1,4-Cyclohexanedimethanol diglycidyl ether
- Names: Preferred IUPAC name 2,2′-[Cyclohexane-1,4-diylbis(methyleneoxymethylene)]bis(oxirane)

Identifiers
- CAS Number: 14228-73-0;
- 3D model (JSmol): Interactive image;
- ChEMBL: ChEMBL3184513;
- ChemSpider: 55618;
- ECHA InfoCard: 100.034.620
- EC Number: 238-098-4;
- PubChem CID: 61718;
- CompTox Dashboard (EPA): DTXSID1044805;

Properties
- Chemical formula: C_{14}H_{24}O_{4}
- Molar mass: 256.342 g·mol^{−1}
- Hazards: GHS labelling:
- Pictograms: GHS07: Exclamation mark
- Signal word: Warning
- Hazard statements: H315, H317, H319, H412
- Precautionary statements: P261, P264, P264+P265, P272, P273, P280, P302+P352, P305+P351+P338, P321, P332+P317, P333+P313, P337+P317, P362+P364, P501

= 1,4-Cyclohexanedimethanol diglycidyl ether =

1,4-Cyclohexanedimethanol diglycidyl ether is an organic chemical in the glycidyl ether family.

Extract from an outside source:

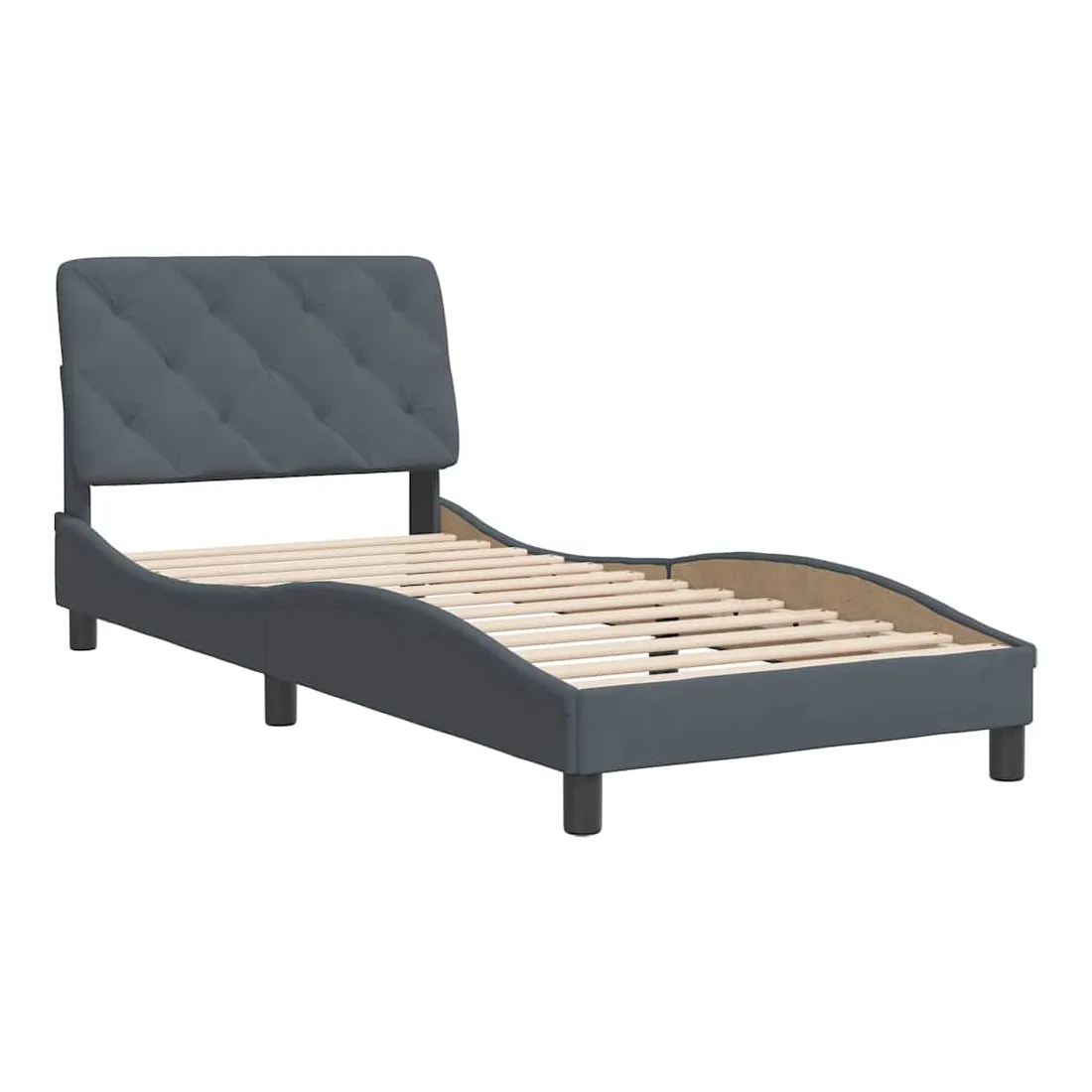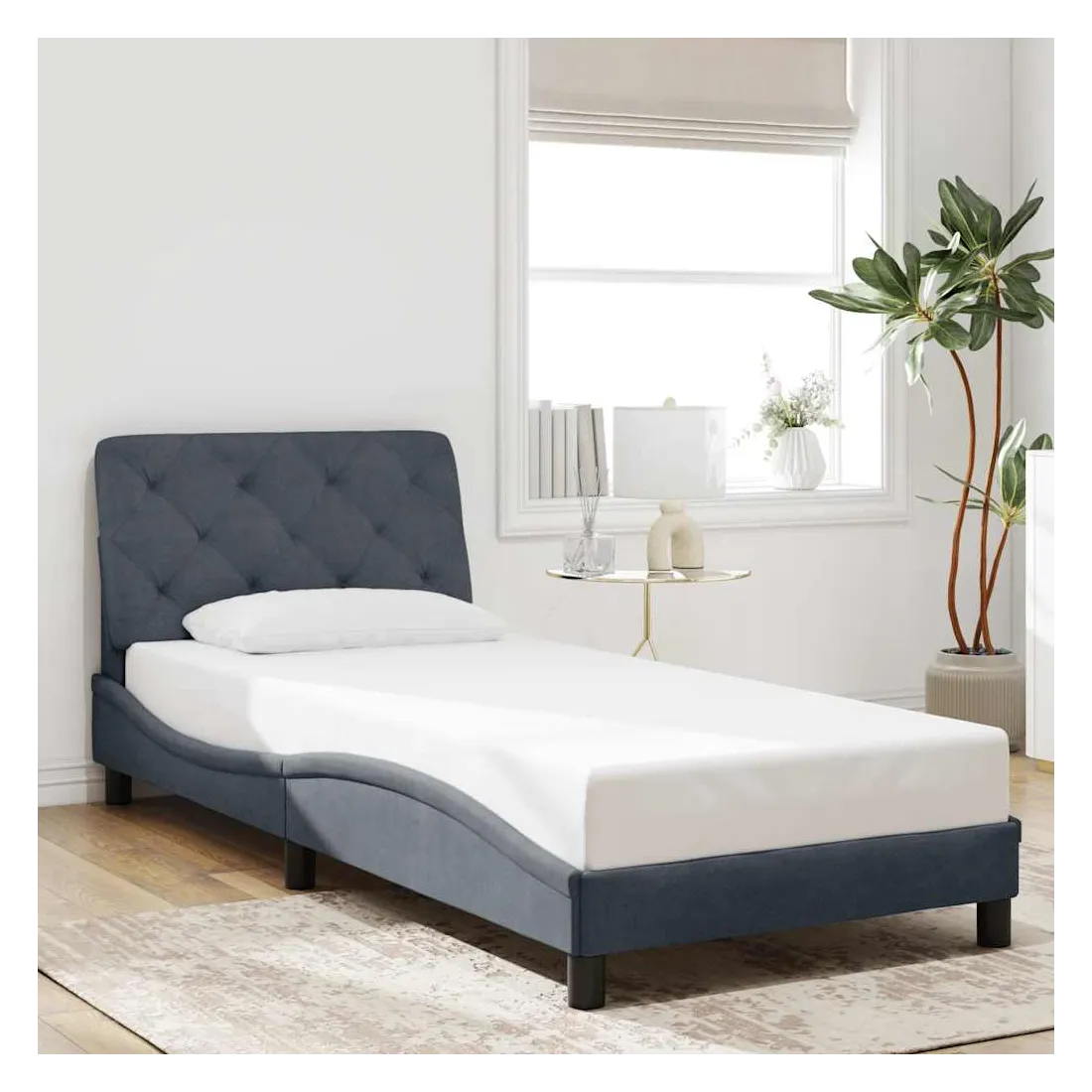Obtenez une meilleure nuit de sommeil reposante grâce à ce cadre de lit avec tête de lit ! Il est un supplément accueillant à toute chambre à coucher. Velours doux : le velours est un tissu doux et confortable, agréable au toucher.Lattes de contreplaqué : les lattes de contreplaqué assurent une bonne répartition du poids, garantissant que le matelas reste en place à chaque torsion de votre corps pendant le sommeil.Excellent soutien : l'oreiller de tête de lit est rembourré avec de la mousse pour un confort ultra doux et optimal vous offre un excellent soutien du dos lorsque vous êtes assis dans votre lit pour lire ou regarder la télévision.Design pratique : le coussin de la tête de lit est doté d'une fermeture à glissière pour faciliter l'installation, et les bandes auto-agrippantes au dos peuvent être utilisées pour fixer les lampes LED.Design latéral ondulé : l’aspect ondulé du cadre de lit est élégant et sophistiqué, ajoutant une touche moderne et élégante à votre décor, ce qui en fait le point central de votre chambre à coucher. Bon à savoir :Un matelas n'est pas inclus avec ce lit. Nous offrons une sélection variée de matelas. Vous pouvez consulter notre boutique pour trouver un matelas assorti.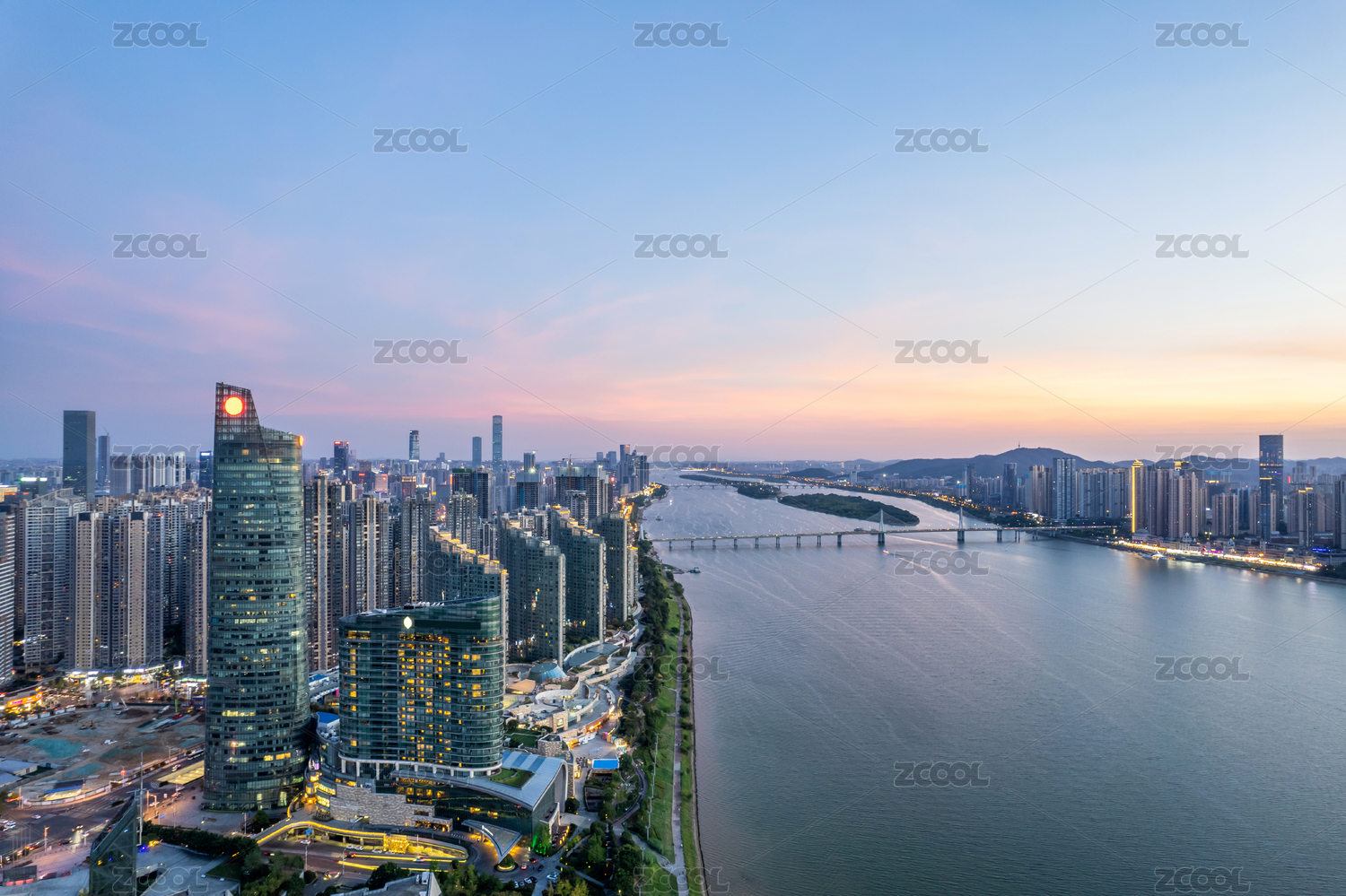 航拍,长沙风光,城市夜景,湘江两岸,摩天大楼,城市天际线,建筑外部,户外,都市风景,城市生活

Its formula is C_{14}H_{24}O_{4} and the IUPAC name is 2-4-(oxiran-2-ylmethoxymethyl)cyclohexylmethoxymethyloxirane. It has the CAS number of 14228-73-0 and is REACH registered in Europe. An industrial chemical, a key use is in the reduction of the viscosity of epoxy resin systems functioning as a reactive diluent.

== Synonyms ==
The material is known under various names which include:
- 2,2'-[1,4-Cyclohexanediylbis(methyleneoxymethylene)]bis[oxirane]
- 1,4-Bis(glycidoxymethyl)cyclohexane
- 1,4-Bis(hydroxymethyl)cyclohexane diglycidyl Ether
- 1,4-Bis[(2,3-epoxypropoxy)methyl]cyclohexane
- 1,4-Bis[(glycidyloxy)methyl]cyclohexane
- 1,4-Cyclohexanedimethanol diglycidyl Ether

== Manufacture ==
The manufacturing process involves reacting cyclohexanedimethanol with epichlorohydrin, using a Lewis acid as catalyst, to form a halohydrin. This is followed by washing with sodium hydroxide in a dehydrochlorination step to form the epoxide rings. The waste products are water and sodium chloride and excess caustic soda. One of the quality control tests would involve measuring the Epoxy value by determination of the epoxy equivalent weight.

== Uses ==
As the molecule has oxirane functionality, a key use is reducing the viscosity of epoxy resins. These reactive diluent modified epoxy resins may then be further formulated into which may then be formulated into CASE applications: Coatings, Adhesives, Sealants, Elastomers, and electronic encapsulant. The use of the diluent does affect mechanical properties and microstructure of epoxy resins.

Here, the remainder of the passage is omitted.